THE DATA

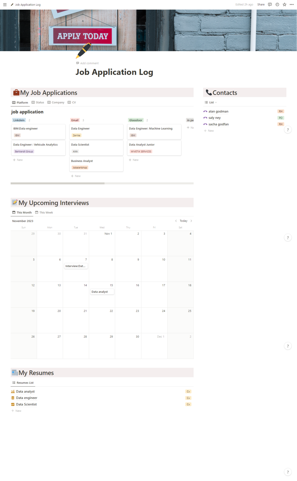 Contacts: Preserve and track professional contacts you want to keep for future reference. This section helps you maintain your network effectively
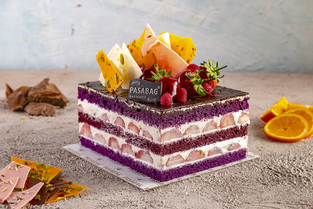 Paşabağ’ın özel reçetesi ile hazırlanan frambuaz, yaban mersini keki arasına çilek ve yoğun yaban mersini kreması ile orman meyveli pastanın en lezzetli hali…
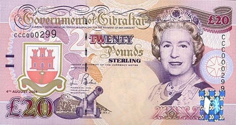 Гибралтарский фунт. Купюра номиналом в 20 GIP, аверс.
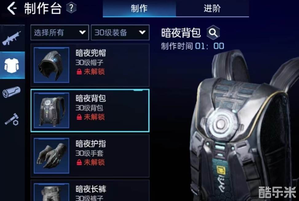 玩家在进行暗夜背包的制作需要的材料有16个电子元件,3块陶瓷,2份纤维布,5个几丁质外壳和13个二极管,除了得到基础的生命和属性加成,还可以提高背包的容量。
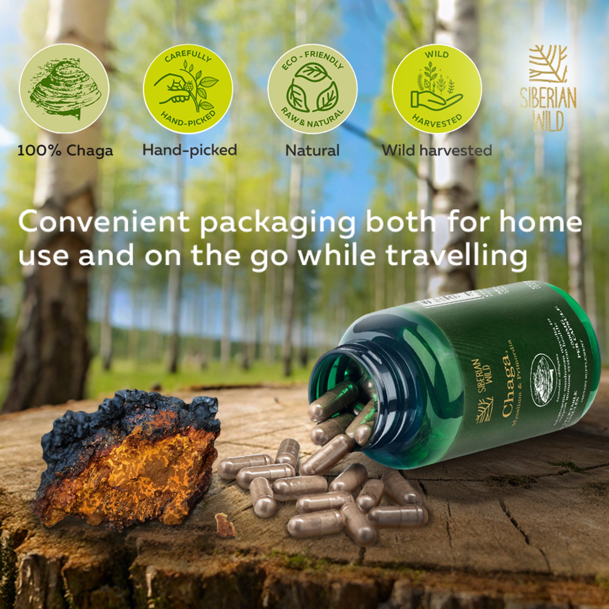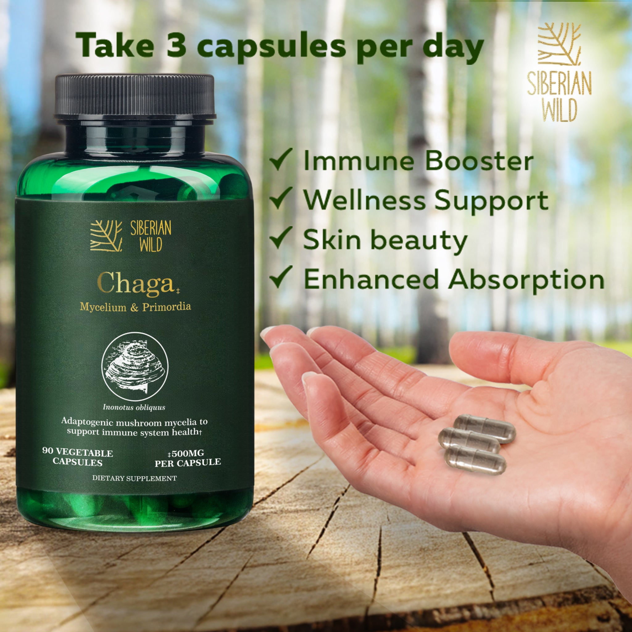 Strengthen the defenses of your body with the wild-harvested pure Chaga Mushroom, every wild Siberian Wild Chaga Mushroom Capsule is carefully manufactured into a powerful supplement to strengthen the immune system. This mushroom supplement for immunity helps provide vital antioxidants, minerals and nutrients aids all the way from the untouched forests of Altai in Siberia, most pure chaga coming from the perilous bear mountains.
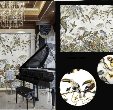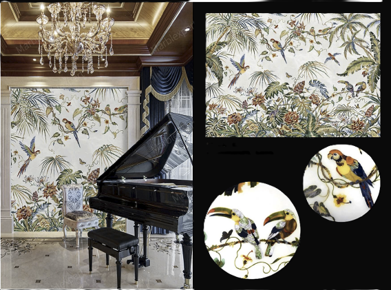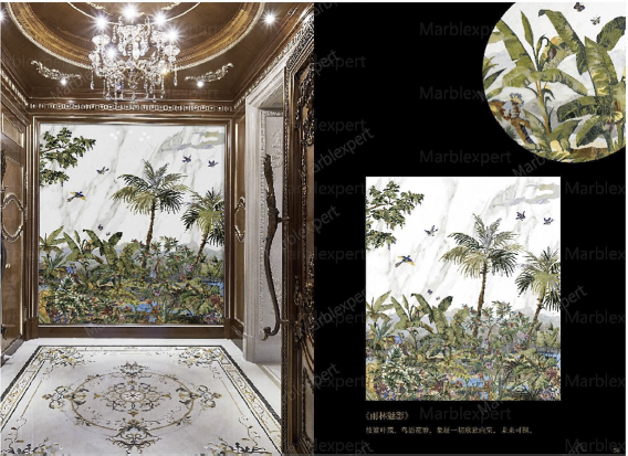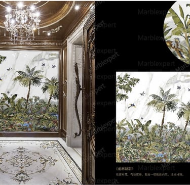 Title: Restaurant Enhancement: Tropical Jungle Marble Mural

EXERCISE
Leave the pictures out, and please copy only the lines from the one with "玩家在进行暗夜背包的制作需要" through the end of the listing.

RESULT FOR THIS EXERCISE
 玩家在进行暗夜背包的制作需要的材料有16个电子元件,3块陶瓷,2份纤维布,5个几丁质外壳和13个二极管,除了得到基础的生命和属性加成,还可以提高背包的容量。
 Strengthen the defenses of your body with the wild-harvested pure Chaga Mushroom, every wild Siberian Wild Chaga Mushroom Capsule is carefully manufactured into a powerful supplement to strengthen the immune system. This mushroom supplement for immunity helps provide vital antioxidants, minerals and nutrients aids all the way from the untouched forests of Altai in Siberia, most pure chaga coming from the perilous bear mountains.
 Title: Restaurant Enhancement: Tropical Jungle Marble Mural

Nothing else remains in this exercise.